David Deming, Christopher Ong, and Lawrence H. Summers write,
From 1880 to 1960, workers moved out of agriculture jobs. In 1880, 41 percent of all workers in the US economy were employed as farmers or farm laborers. This share fell consistently by 4 percentage points per decade, and by 1960 only 6 percent of US employment was in agriculture.
Pointer from Timothy Taylor.
A similar thing happened to manufacturing production workers from 1950 to 2000. And this was not due primarily to China. For manufactured goods, productivity was growing faster than demand. For services, such as health care and education, demand was growing faster than productivity.
Classify jobs as working with things, working with people, or working with symbols.1 From 1880 to 1950, “working with things” changed from farm labor to factory labor. In agriculture, productivity grew faster than demand, releasing workers to move into manufacturing.
Since 1950, the growth has been in jobs working with people or working with symbols. This facilitated a big increase in female employment and a relative decline in male employment.
The authors speculate about the effect of artificial intelligence. I think that is difficult to do, because we do not know what AI is going to be good at. It could be good at working with people—the robot home health aid and the AI tutor. Or it could be good at working with symbols—helping in science and in creative arts.
John Cochrane points to an estimate that in Argentina cutting regulations has reduced prices in those goods by 30 percent.
A price decline of 30% tells us that the economic benefit of deregulation is at least 30% of current income. Real GDP is price times quantity, so even if the quantity of the deregulated god does not change, a 30% decline in prices gives people that much more real income to spend on other things. And it’s a lower bound. If rents, textiles, and logistics decline in price by 30%, rent-paying businesses, clothes makers, and everyone who sends something anywhere by truck can expand their businesses.
Even 30% is a lot. That’s a decade of 3% extra growth. That’s the difference between the US and most of Europe. That’s orders of magnitude more than most conventional economists will allow as the cost of regulation.
Most people can go a whole year without ever seeing a $100 bill — yet there are roughly 60 such bills in circulation for every man, woman and child in America. Who’s holding them? Well, indirect evidence suggests that they’re mostly being held outside the country.
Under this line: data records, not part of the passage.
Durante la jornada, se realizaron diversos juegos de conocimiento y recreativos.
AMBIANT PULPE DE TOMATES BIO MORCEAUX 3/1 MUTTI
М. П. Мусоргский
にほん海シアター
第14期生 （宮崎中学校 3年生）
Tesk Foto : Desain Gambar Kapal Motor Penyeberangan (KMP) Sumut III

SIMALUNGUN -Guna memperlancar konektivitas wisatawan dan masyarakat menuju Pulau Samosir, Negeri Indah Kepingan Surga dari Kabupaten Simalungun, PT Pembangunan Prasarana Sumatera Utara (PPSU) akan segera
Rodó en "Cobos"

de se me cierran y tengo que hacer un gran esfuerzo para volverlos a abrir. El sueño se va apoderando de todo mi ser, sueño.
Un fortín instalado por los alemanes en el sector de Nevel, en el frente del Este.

And while getting a precise number is almost by definition impossible, there’s no real doubt that many and probably most of the Benjamins out there are being held for illicit purposes.
He argues that the main use case for crypto is like the main use case for $100 bills: to facilitate illegal activity.
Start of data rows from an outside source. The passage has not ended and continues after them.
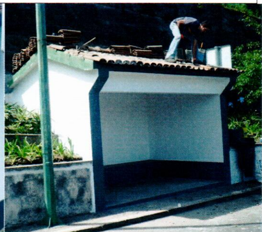
Apeadeiro de autocarros (Infante D. Henrique)
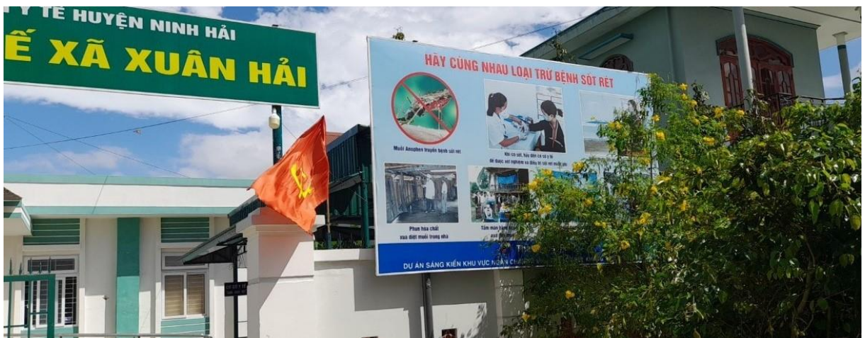
Bảng tuyên truyền trước trạm Y tế xã Xuân Hải, huyện Ninh Hải

Hệ thống bảng rôn chằng ngang đường không được quan tâm khai thác, theo xu thế chuyển đổi số tích cực diễn ra trên cả nước nói chung và ở tỉnh Ninh Thuận nói riêng, việc tuyên truyền bằng bảng rôn ngang đường đã không còn hiệu quả như trước.
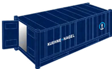
Standard 20' (Dry Container - DC)
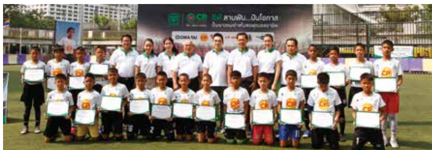
● 20 นักเตะรุ่นเยาว์ จากโครงการซีพี สานฝัน...ปันโอกาส “ปั้นเยาวชนเข้าสู่สโมสรฟุตบอลอาชีพ” รุ่น 2 ได้รับประกาศนียบัตร

“ช่วงแรกๆ ผมก็ต้องไปทะเลาะกับทางบ้านนิดหนึ่ง (ยิ้ม) แต่ต้องคุยให้เข้าใจ สุดท้ายครอบครัวเราก็ตอบรับที่จะสนับสนุนเขา เพียงแต่สิ่งหนึ่งที่จะบอกเขาเสมอก็คือ ห้ามทิ้งการเรียน ดังนั้น สิ่งหนึ่งที่เราประทับใจโครงการนี้มากก็คือในระหว่าง 6 ปี ถ้าเด็กเกิดบาดเจ็บ ไปต่อไม่ได้ในเส้นทางฟุตบอลอาชีพ แต่เขาก็ยังจะได้รับทุนการศึกษาจนจบแน่นอน ผมประทับใจแนวคิดตรงนี้มากครับ”
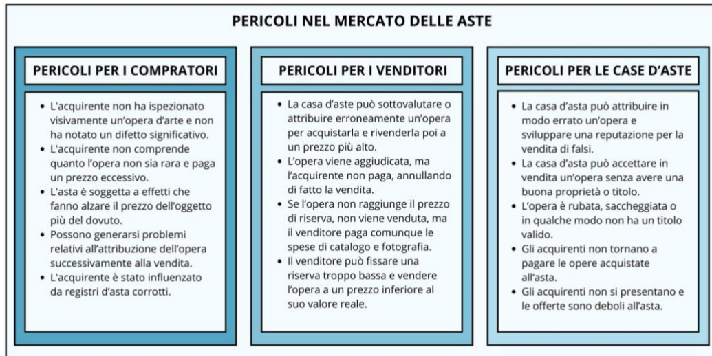
Figura 4, Pericoli nella compravendita di opere d'arte attraverso le case d'asta.
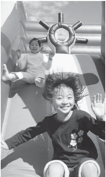
子どもたちに一番人気の「フワフワ」 (撮影のため特別に中に入れてもらいました)
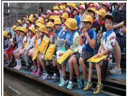
2年 校外学習 10/11 グループで活動しているいろいろな動物を見学しました。
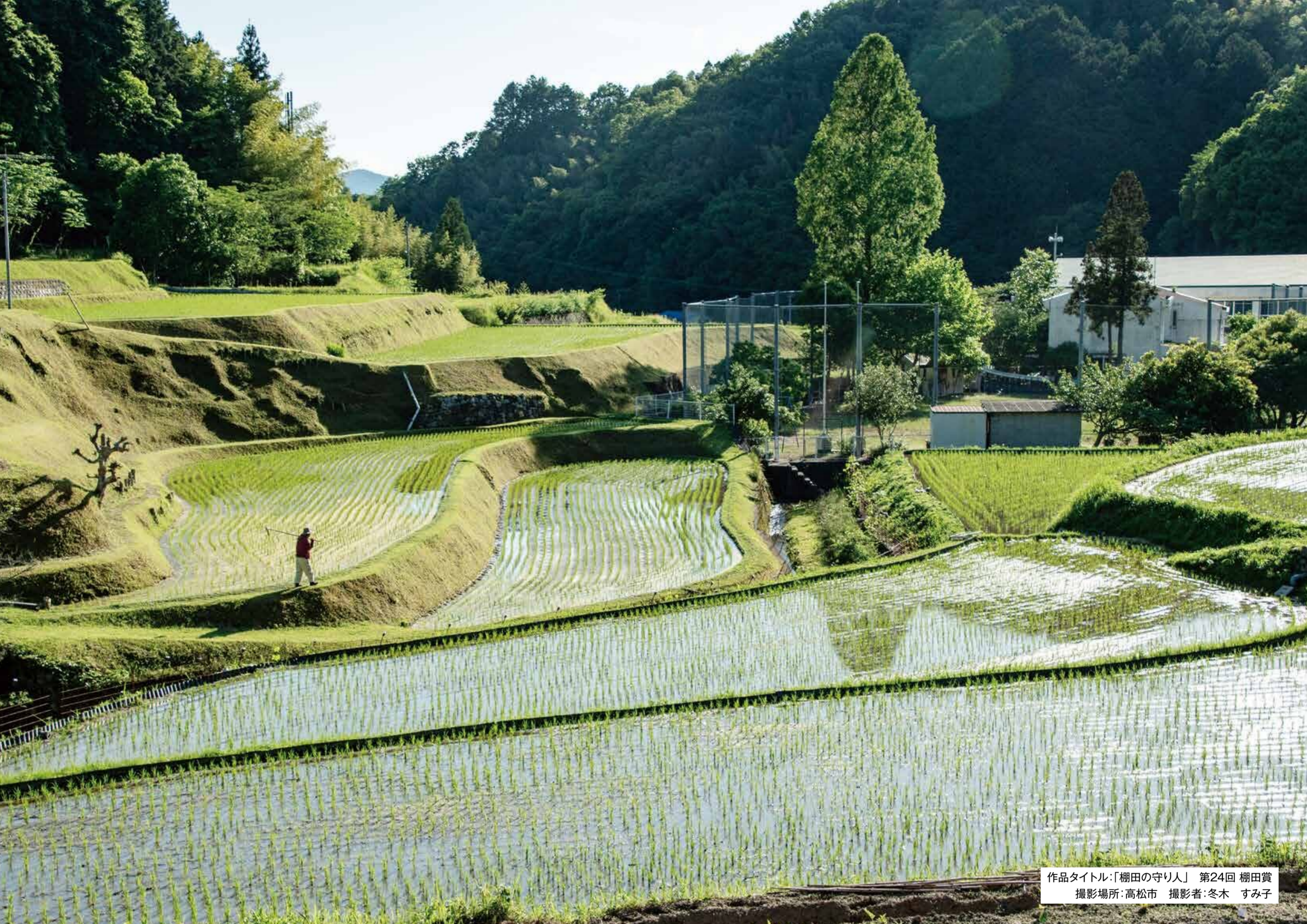
作品タイトル:「棚田の守り人」 第24回 棚田賞 撮影場所:高松市

I like to say that banking is adjacent to government and crypto is adjacent to criminals.
Government needs to be perceived as sturdy, and banks can help with that. Banks need to be perceived as sound, and government can help that. Banking policies help maintain what I call the “two-drunks model” (think of two inebriated guys walking down the street, holding one another up): banks are incented to lend to government and government-favored sectors; and government gives banks competitive advantages, such as deposit insurance and bailouts.
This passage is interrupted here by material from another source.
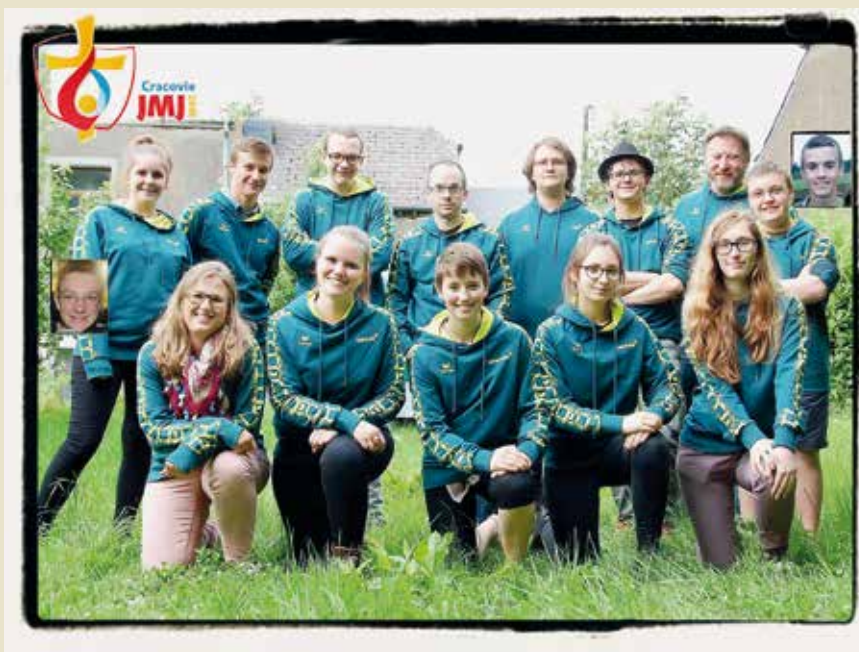
Le groupe des participants aux JMJ constitué à Habay.

▶ 16 octobre 15h journée jubilaire des familles à Arlon Venez vivre en Église et en famille la démarche jubilaire à l'église Saint-Martin. Passage de la porte sainte avec bénédiction individuelle des familles. Enseignement sur la miséricorde avec animation particulière par tranches d'âge pour les petits-enfants, les enfants, les ados et jeunes, les adultes. Démarche jubilaire en famille avec possibilité de vivre individuellement le sacrement de Réconciliation.
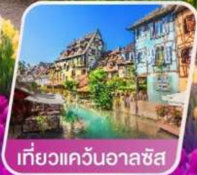
เที่ยวแคว้นอาลซัส

Criminals need a way to process transactions, and crypto can help with that. Crypto needs a use case, and criminals can help with that.
Unlike the Biden Administration, I don’t see going after crypto as a great tool for going after crime. I think that you should punish crime, not the financing that is adjacent to it. And I instinctively dislike the surveillance state that is set up to address “money laundering.” (why is “money laundering” even a crime, separate from any crime that it facilitates?) In the WSJ, Alyssia Finley writes,
The Bank Secrecy Act requires banks to build profiles on customers, monitor their activity, and file Suspicious Activity Reports, or SARs, with the Treasury Department’s Financial Crimes Enforcement Network if they suspect illicit activity. Such “know your customer” rules are intended to prevent money laundering.
Banks have a strong incentive to file reports if there’s any unusual transaction, given that inadvertent lapses can result in sanctions, including heavy fines. Last year banks filed 4.6 million SARs. Compiling these reports is a nuisance and rarely exposes illicit activity since criminals tend to circumvent the banking system, where they know their activity will be monitored.
The overbreadth in bank reporting is a plus for the government, since it gives the Federal Bureau of Investigation a trove of reports to scour without a warrant. The more info it has on more bank customers, the better, even if most haven’t committed a crime. Regulators prohibit banks from notifying customers if they have filed a SAR.
This sounds like a great system for hassling innocent people while doing very little to deter or detect real crime.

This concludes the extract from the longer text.